All results are stored in variables with the name out<line-number> so you can write expressions such as 'out5 * 2' to reference the result from line 5.


Variables


This language supports creating, re-assinging and using variables just like any other languages.


In
Out

x = 1
1
Variable is assigned a value
y = 2 * x
2
Variable is assigned the result of the expression
x = [1,2,3,4]
[1,2,3,4]
Variable x holds a tensor/array
(a,b,c,d) = x
[1,2,3,4]
variable 'a' is set to 1, 'b' to 2, 'c' to 3, and 'd' to 4

Functions


Functions use an arrow syntax similar to JavaScript. All function definitions are expressions that can be assigned to variables, tensor elements, or passed as function parameters.


In
Out

f = x => x^3

Declare a function and assign it to 'f'.
Single parameter & single expression body.
f(5)
125
Call function f with a scalar value.
f([1,2,3])
[1,8,27]
Call function f with a tensor that has a compatible shape with all operations in the functions body.
Result is a tensor of the same shape.
f = (x, y) => x^y

Declare a new function and assign it to 'f'.
f(3,4)
81
Call function f with scalar values.
f([1,2,3], [4,5,6])
[1, 32, 729]
Call function f with tensors that have a compatible shape with all operations in the functions body.
Result is a tensor of the same shape.
f = x => {y = x + 1; x^y}
Declare a new function and assign it to 'f'.
Functions has two statements in a code block.
The value of the last statement is returned.
f(3)
81
Call function f which evaluates two statements and returns the last value.

Implementation Details


The language is implemented in python (because it's a fun side project and performance isn't a concern).

The syntax is


Execution Stages


The code interpretation process occurs in 3 stages lexing/tokenization, parsing, evaluation.


Lexing (Tokenization)


Lexing (Lexical Tokenization) is the process of converting the source code text into a sequence of semantically meaningful tokens. This is done by repeatadly matching regular expressions to the start of the unmatched source code for the different token types. Once a regular expression match is found, that prtion of the source code is removed from the start and a token instance is created.


Parsing


Parsing (Parsing or syntax analysis) takes the tokens from the lexing stage and organises them into a parse tree or abstract syntax tree in accordance to the syntax. In this expression language the parse tree is build token by token, each token is converted into a tree node and enters at the trees cursor and either stays in place or bubbles up the tree towards to root until the appropriate level is reached according to the order of precedence.
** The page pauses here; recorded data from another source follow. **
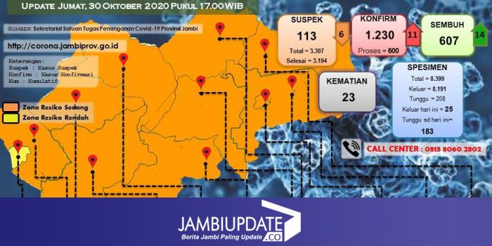 JAMBIUPDATE.CO, JAMBI- Juru bicara gugus tugas Covid19 Provinsi Jambi Johansyah menyampaikan ada tambahan 11 positif Covid19 pada hari ini, Jumat (30/10).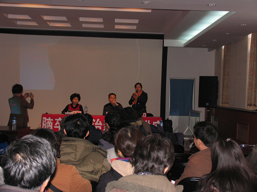北京结控所党总支书记王星火主持并讲话,西城区社区卫生服务中心所长史艳青、北京结控所职工、各区县结防所代表、西城区社区居民、北京广播电视报、新华社记者及社会各届相关人士,共计70余人到会参加了讲座。
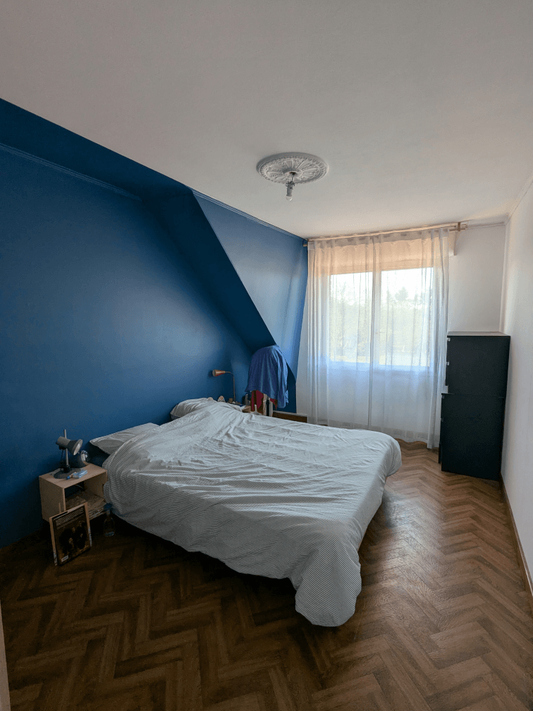 Voilà les avant/après des chambres ! La première, avec le mur bleu vif, c’est la nôtre. Il reste à trouver un luminaire, créer un dressing et j’aimerais refaire les tables de nuit, qui commencent à fatiguer. Et j’ai un projet aussi pour la commode Malm, que je souhaite pimper un peu…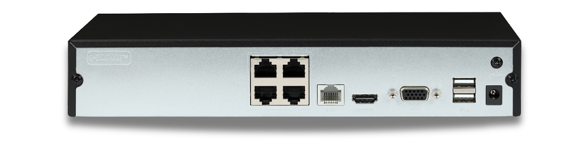 wbudowane 4 niezależne porty PoE do bezpośredniego podłączenia kamer.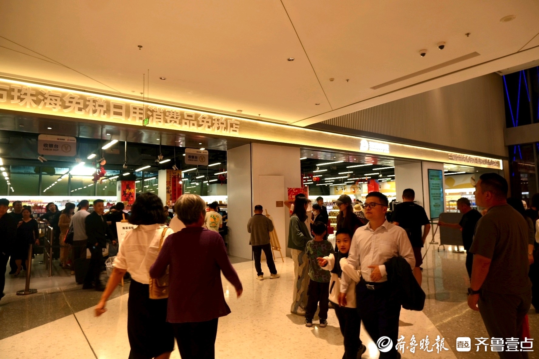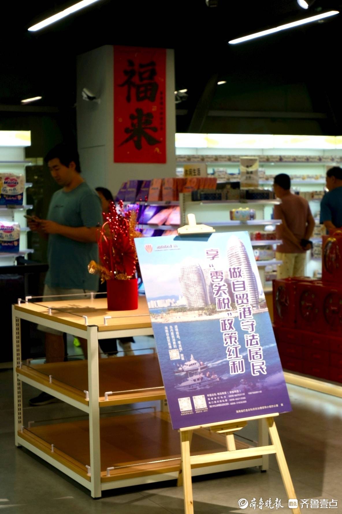 我到达时已是晚上九点,但日用消费品免税店内依然人流如织,工作人员们正在忙碌地铺货、收银。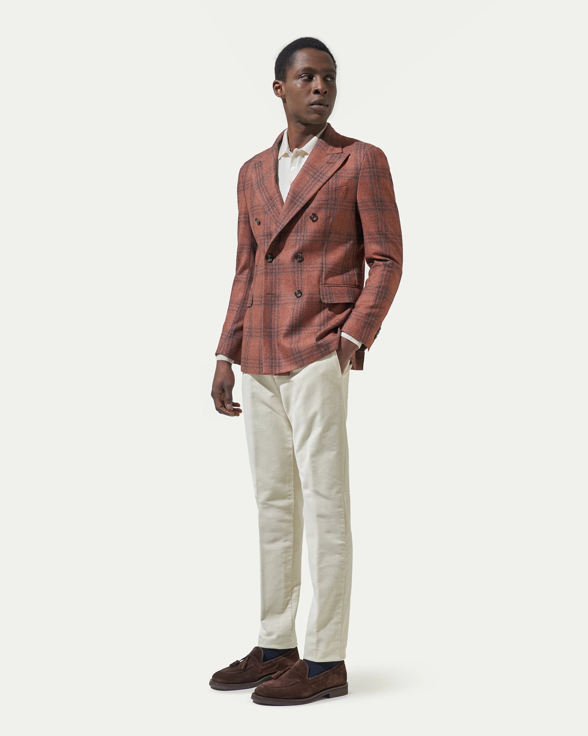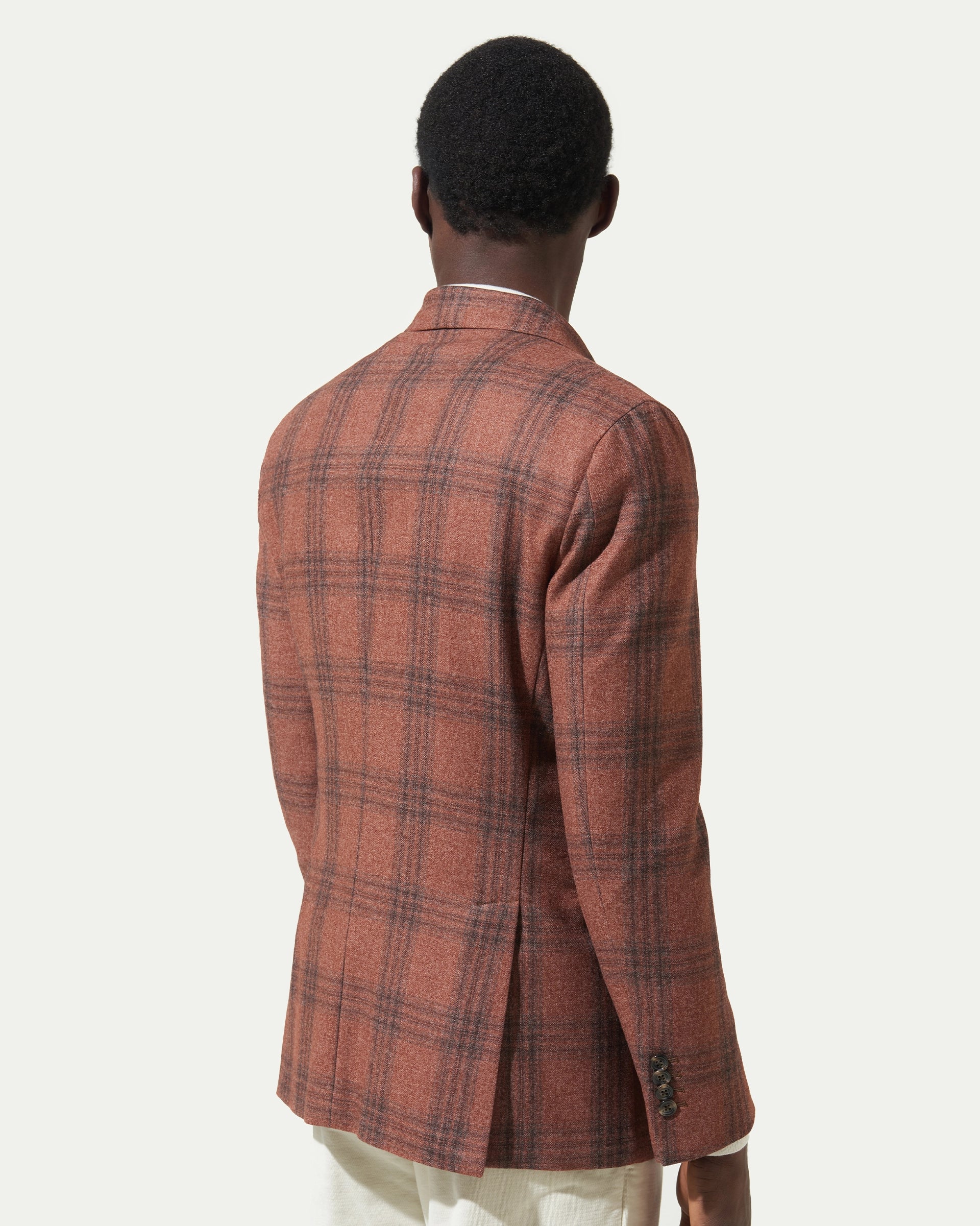 Giacca doppiopetto finestrato arancio in misto lana e cashmere tessuto Vitale Barberis & Canonico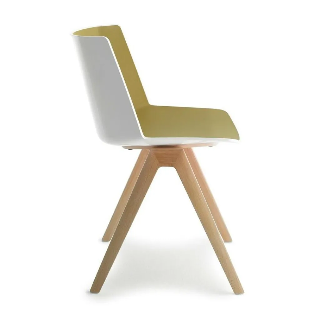 Mit seiner Schale aus hochwertigem Polypropylen und dem edlen Eichenholzgestell ist dieser Aiku-Stuhl nicht nur von einer hohen Stabilität und Belastbarkeit geprägt. Er fällt auch mit einer extravaganten Optik auf. So sticht seine Sitzschale mit verschiedenen Oberflächen ins Auge: Ihre Außenseite glänzt, die Innenseite ist mattiert; verschiedene Farben schenken dem Sitz zudem einen eleganten Charakter. Gleichzeitig schafft das vierbeinige Untergestell mit seinen weit ausgestellten, nach unten hin schmaler werdenden Beinen und der hellen Farbe einen stylishen Blickfang. So passt der Aïku Stuhl mit Beinen aus Eiche in ein modernes Café oder die Betriebskantine. Er eignet sich als Zimmerausstattung eines Hotels oder für das Wohnzimmer.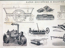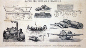 На гравюре представлены шоссейные и полевые катки, используемые в народном хозяйстве на рубеже 19-20 вв.

If the parse tree is found to not be complete after all tokens have been consumed (for example parathenties have not been closed) and the evaluation is happing in an interactive environment, the inteperter will promt for more intput until either a valid parse tree is formed or an error is encountered.


Evaluation


The parse tree from the previous stage is evaluated dynamically by having the nodes in the parse tree evaluate their child nodes if applicable and then apply their own operation such as addition.


The actual computations are all performed in python, there is no compilation step to machine code or a language specific VM byte code.


Once the root node has been evaluated it's result is stored in a variable and printed to screen.